African leaders challenged

THE 28th Ordinary Session of the Assembly of Heads of State and Government of the African Union (AU) officially opened here yesterday with a call on African leaders to invest in youth to guarantee the future of the continent.
And Guinean President Alpha Conde has taken over as the new AU chairperson, taking over from Chad President Idris Deby, who has served the one-year tenure.
President Lungu was among heads of State and Government who attended the official opening of the continental assembly dubbed: ‘Harnessing the demographic dividend through investments in youth’.
Speaking before handing over the AU chairmanship, Mr Deby urged the continental body to develop yardsticks of what partners will be adding to the Agenda 2063.
Mr Deby said Africa requires more integration by introducing the African passport to ensure free movement on the continent.
He also said it is necessary to operationalise the African stand-by force to intervene in conflicts in some countries on the continent.
Mr Deby welcomed discussions the AU held with the United Nations (UN) on peace and security and commended the new UN Secretary General Antonio Guterres for understanding the concerns of the AU.

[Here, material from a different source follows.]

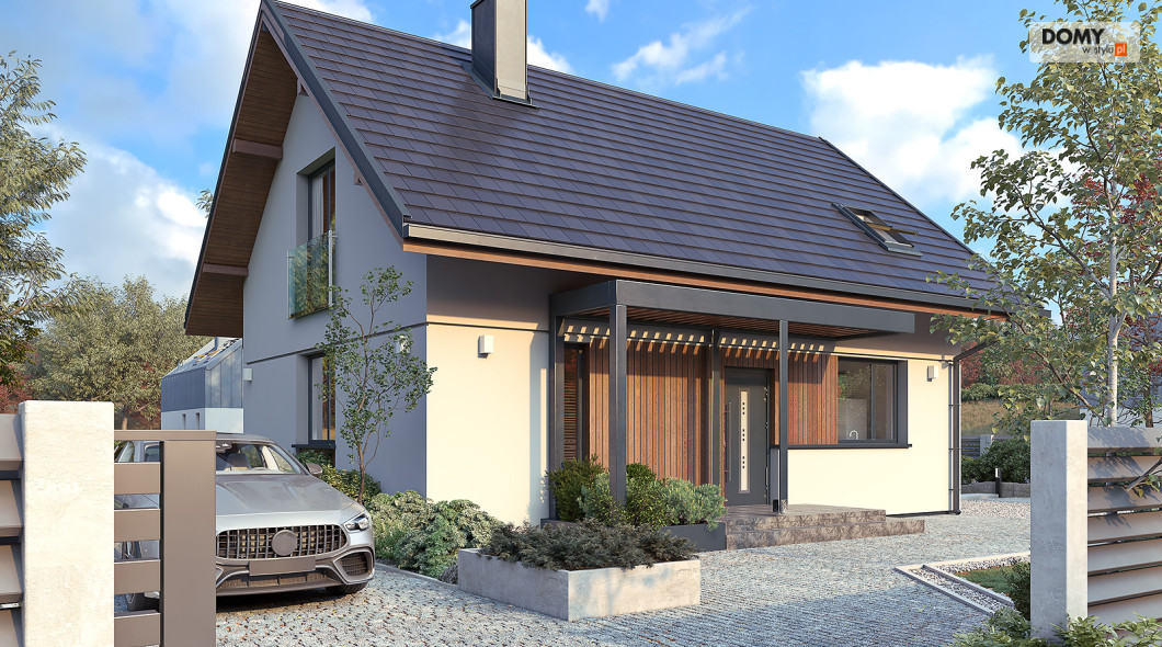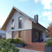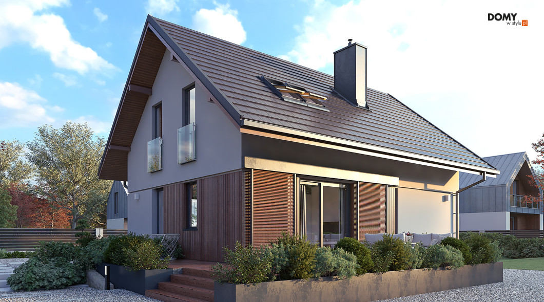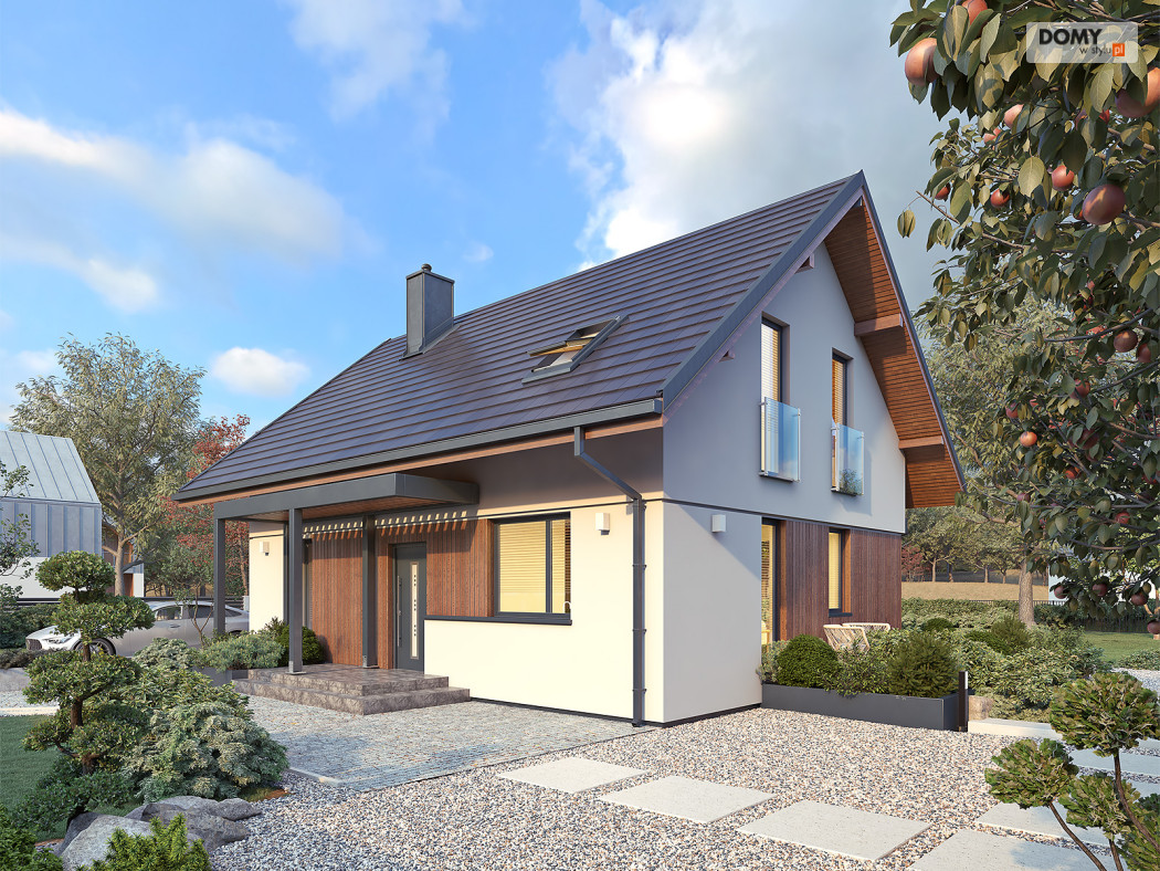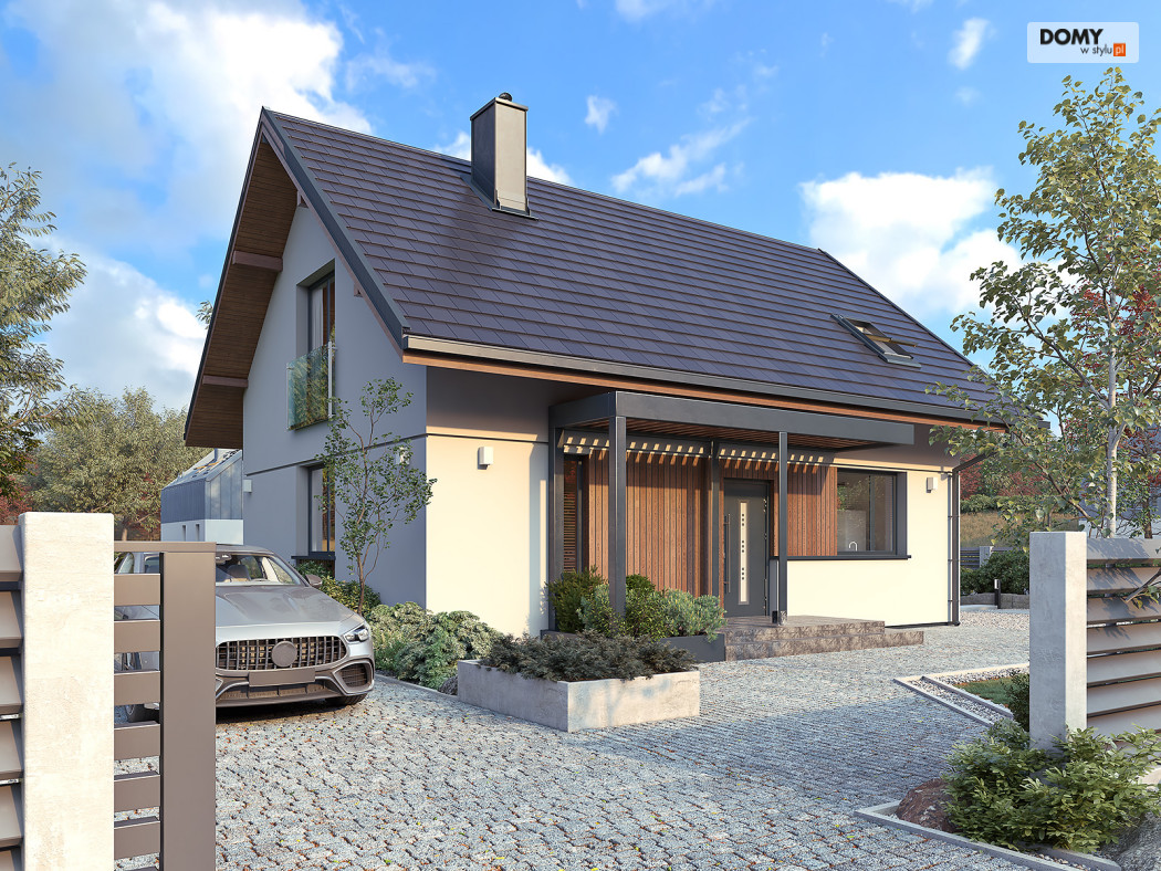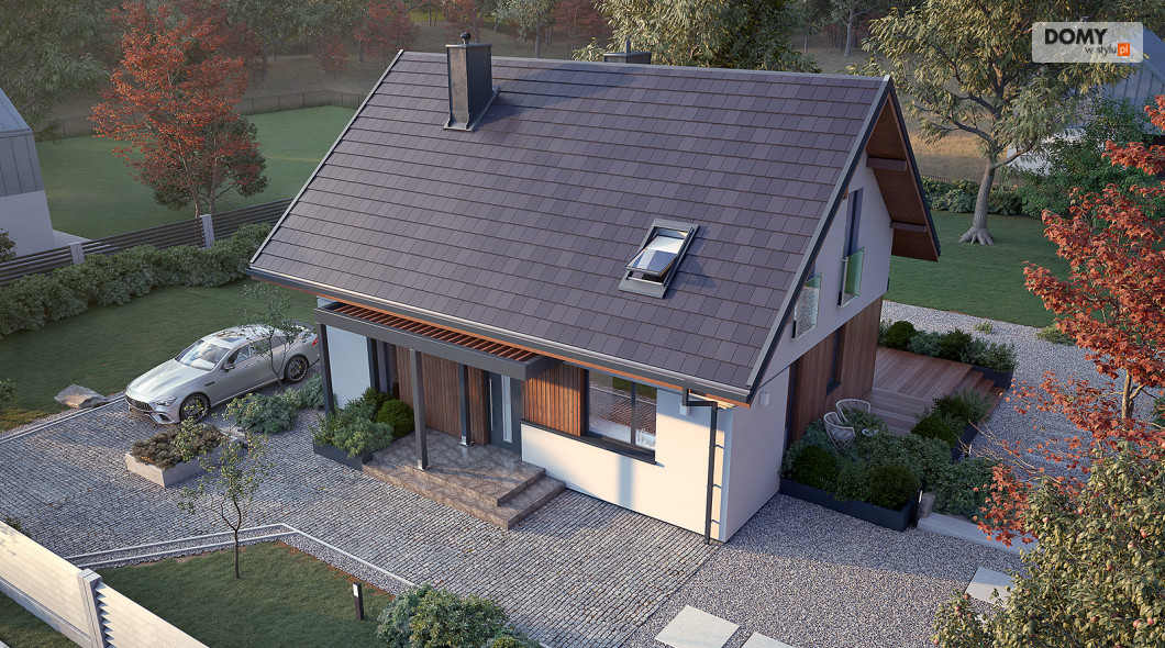 Anka dr-ST to niewielki dom z użytkowym poddaszem o optymalnej powierzchni 115 m2. Projekt stworzony został w technologii szkieletu drewnianego. Klasyczna bryła przykryta została dwuspadowym dachem w grafitowym kolorze. Na elewacji pojawił się biały tynk oraz drewniana szalówka w kolorze naturalnego drewna. Strefa dzienna to przestronny salon z kominkiem, jadalnia oraz otwarta kuchnia. Strefa nocna to trzy wygodne sypialnie oraz rodzinna łazienka.
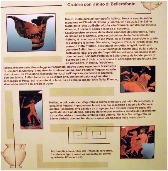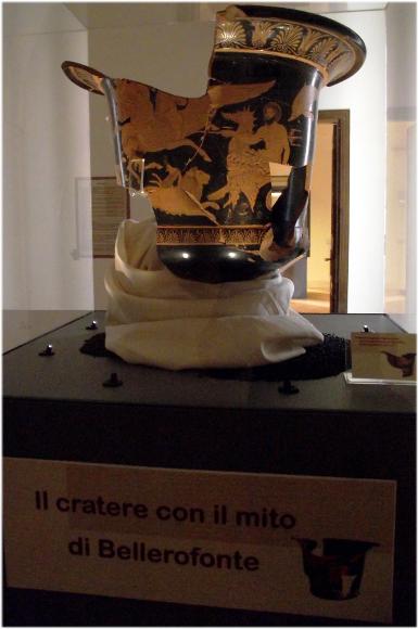 (ACR) - Un vaso a figure rosse racconta il mito di Bellerofonte. L’impavido eroe impugna una lancia e si accinge a colpire con vigore la Chimera, creatura mostruosa che sputa fiamme, con la testa di leone, il corpo di capra e la coda di serpente. Accanto sulla destra c’è Poseidone che cavalca un cavallo marino e punta il tridente verso Pegaso, il cavallo alato. Alle spalle del dio un delfino, simbolo delle acque. Mentre sulla sinistra una Nike alata e coronata, simbolo della vittoria. E ancora: un Sileno barbato con una benda sul capo e una fiaccola in mano. Sono le scene, ancora ben visibili e distinguibili, del mito di Bellerofonte (βελλεροφῶν o βελλεροφόντης “uccisore di Bellero” ovvero Ipponoo che così fu soprannominato dopo che ebbe ucciso Bellero, tiranno di Corinto) dipinte sullo splendido cratere a calice in ceramica a decorazione geometrica, a figure rosse e a vernice nera, risalente al primo quarto del IV secolo a.C. e attribuibile alla cerchia del Pittore di Tarporley: è il pezzo forte del Museo Civico Janora, nel cuore antico di Irsina, in origine Montepeloso (foto n.1-4).

He said the AU considers Mr Guterres as a sincere and committed friend who is ready to offer a helping hand.
“We also welcome efforts to end terrorism and radicalism in Africa,” he said.
He called on leaders to continue demonstrating pan-Africanism to the people and inspire hope.
“We should keep that flame that was lit by our founding and forefathers in 1963 when the organisation was founded,” he said.
And outgoing AU Commission chairperson Nkosazana Dlamini-Zuma earlier acknowledged President Lungu as one of the recently re-elected heads of State attending the summit.
“The people of Zambia and all Africans want you to work hard to uplift them to strengthen peace and to raise the dignity and wealth of Zambia and Africa,” Mrs Zuma said apparently in Bemba language before translating into English.
Dr Zuma said there is need for African leaders to commit to youth and secure the continent’s future because it has over 200 million young people aged between 15 and 24 and that by 2025, a quarter of the world’s youth will be African.
“As the rest of the world ages, Africa will remain a young continent. This is a comparative advantage we have, which must be translated into a demographic dividend,” she said.
And Mr Guterres commended African countries for being generous to host refugees and pledged to work closely with the AU to support its initiatives.
“I also look forward to working with you in empowering women because I believe that if you empower women, you empower the world,” he said.
President Lungu participated in the Southern African Development Community (SADC) heads of State consultative caucus on the sidelines of the assembly, which closes today.
The meeting was called to, among others, consult on the AUC elections for chairperson and commissioner positions.
Meanwhile, a prayer meeting was earlier conducted to pray for God’s guidance and wisdom among African leaders as they deliberate issues affecting the continent during the AU session.
Prayer meeting patron and former Nigerian President Olusegun Obasanjo read scripture from James 5:13 and called upon leaders to develop a culture of prayer before the summit among other endeavours.